E-comics suggest the limitations of Web publishing.

For the past two years or so I’ve been subscribing to a daily comics e-mail from uclick.com. The service gives me a choice of comics from more than 100 strips and editorial cartoons, and it’s just $11.95 a year. Although it’s true that I can get the comics for free on the Web, it’s worth $11.95 a year for me to get the comics directly by e-mail.

I got into the comics in college–we had a communal copy of the Boston Globe in our dorm, and every morning I would read through all the comics on the page. When my wife and I got married, the morning comics became an important part of our daily routine.

But in the late 1990s, the Globe’s comics page went through a series of redesigns. First the paper shrank all the comics so that more could fit on one page. Then they shrank the page, presumably to save money. Eventually my wife and I realized that we weren’t getting a lot of pleasure from the page anymore, and we decided to let our subscription to the Globe lapse–after all, we could get the news online.
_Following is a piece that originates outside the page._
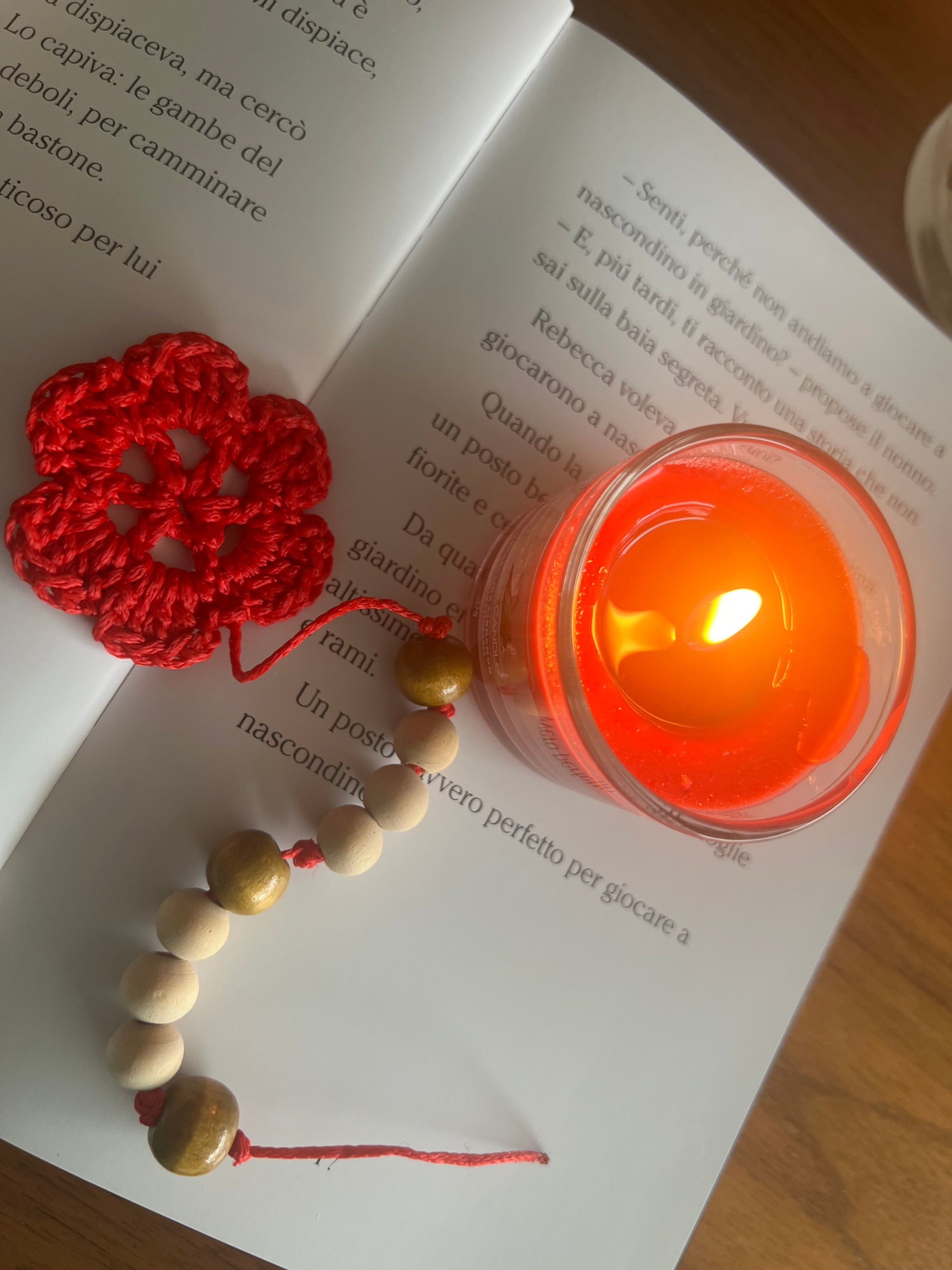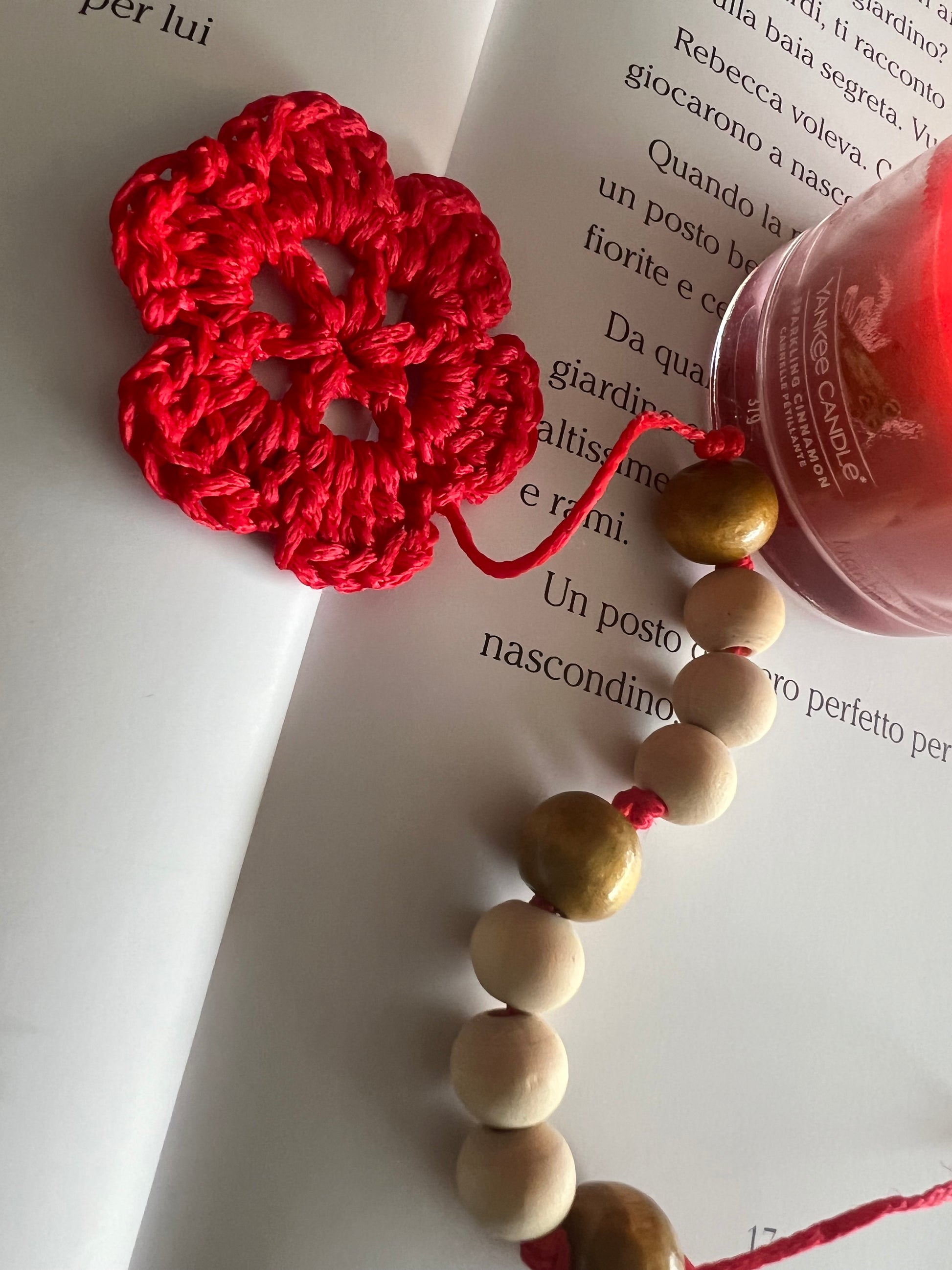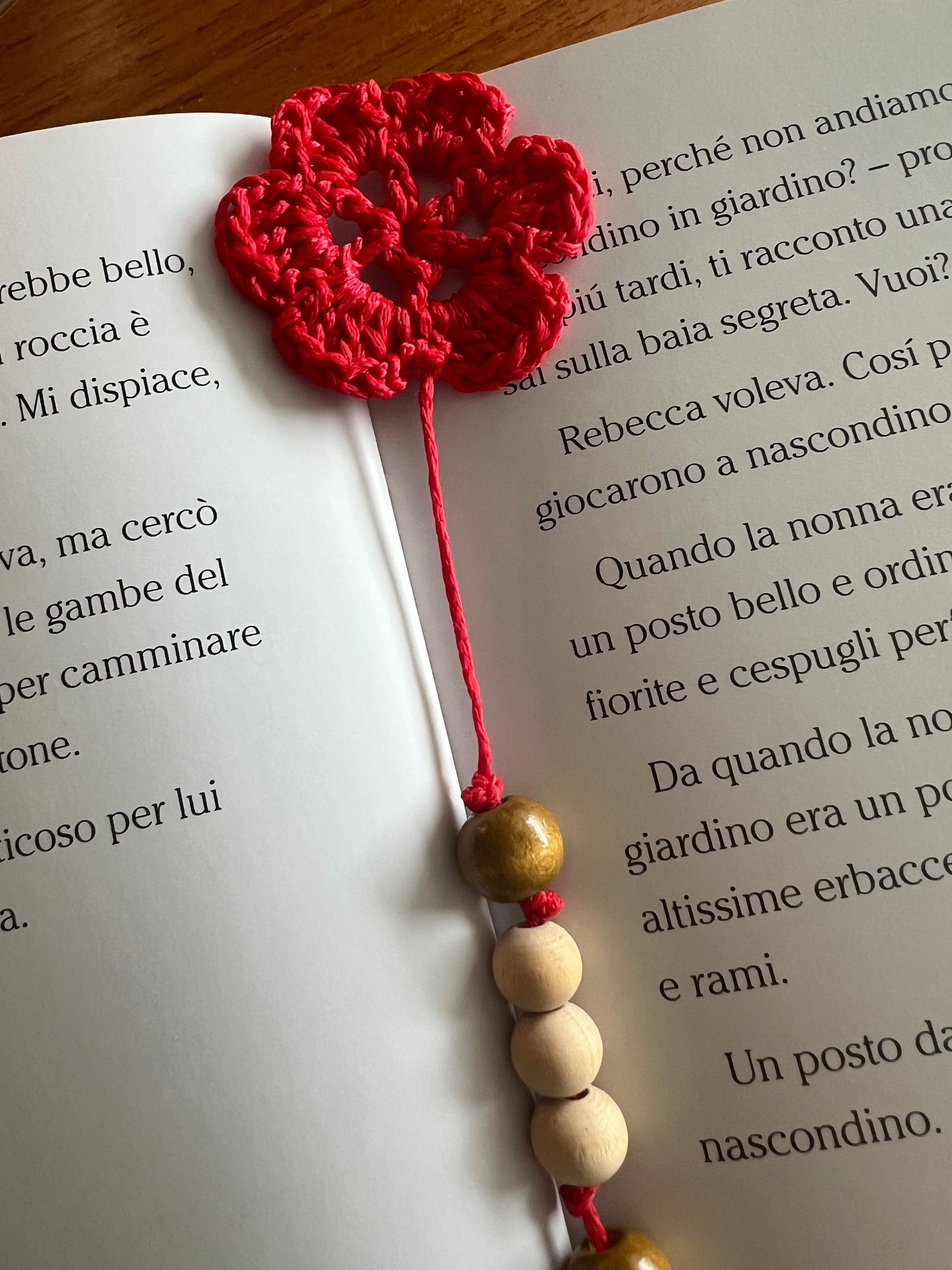 Un fiore rosso, acceso come un pensiero improvviso, sboccia all’uncinetto tra le pagine di un libro. È un segnalibro che profuma di lentezza e poesia, intrecciato a mano per chi ama perdersi tra le righe e ritrovarsi tra i colori.

There’s been a real explosion in Web comics in recent years. Uclick has more than 100 features and editorial cartoons drawn from national syndication. But there are literally thousands of comics that are distributed solely on the Web–the pictorial equivalent of blogging.
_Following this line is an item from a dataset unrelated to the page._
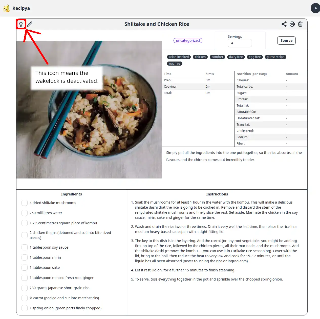 On supported browsers, you will notice a light bulb icon to the far left of a recipe’s title. When the light bulb is on, the wakelock is enabled and the screen will not sleep.

Unfortunately, this new comics system is far from perfect. For starters, the comics don’t look as good on my computer screen as they did in print–they aren’t presented at a very high resolution. The screen just isn’t as good a medium for distribution as paper is. Perhaps the new iPhone will fix this, with its 200-dots-per-inch screen, but I’m not holding my breath.

A bigger disappointment is that getting the comics on a Web page has changed reading comics from a communal activity done with my wife and family around the breakfast table to a solitary activity that I do in front of the computer screen. Some days I will actually walk away from breakfast to “check my mail”–and read the comics.

Yet another problem is selection: there’s too much, and it’s not edited. Back when I was reading the comics page, I got a selection of the comics I liked and some others I didn’t care about. But every now and then one of the ones that I didn’t care about would catch my eye, and sooner or later I would get hooked. Today, I get the comics that I care about by e-mail, and I ignore the rest. If I ever decide to go looking for something new, I’m quickly overwhelmed by the selection.

Back when I was a graduate student at the MIT Media Lab, we used to theorize about the “newspaper of the future” and the problems that it might have. One of the ideas floated for the comics was that people would have high-resolution color printers in their homes, and the daily comics would be printed every day. Well, I’ve got the printer, the computer, and the information, but I don’t have the software to make this all work. Perhaps more important, I don’t have some intelligent agent that’s automatically building a selection of comics for me that’s both interesting and relevant and that keeps me open to new possibilities.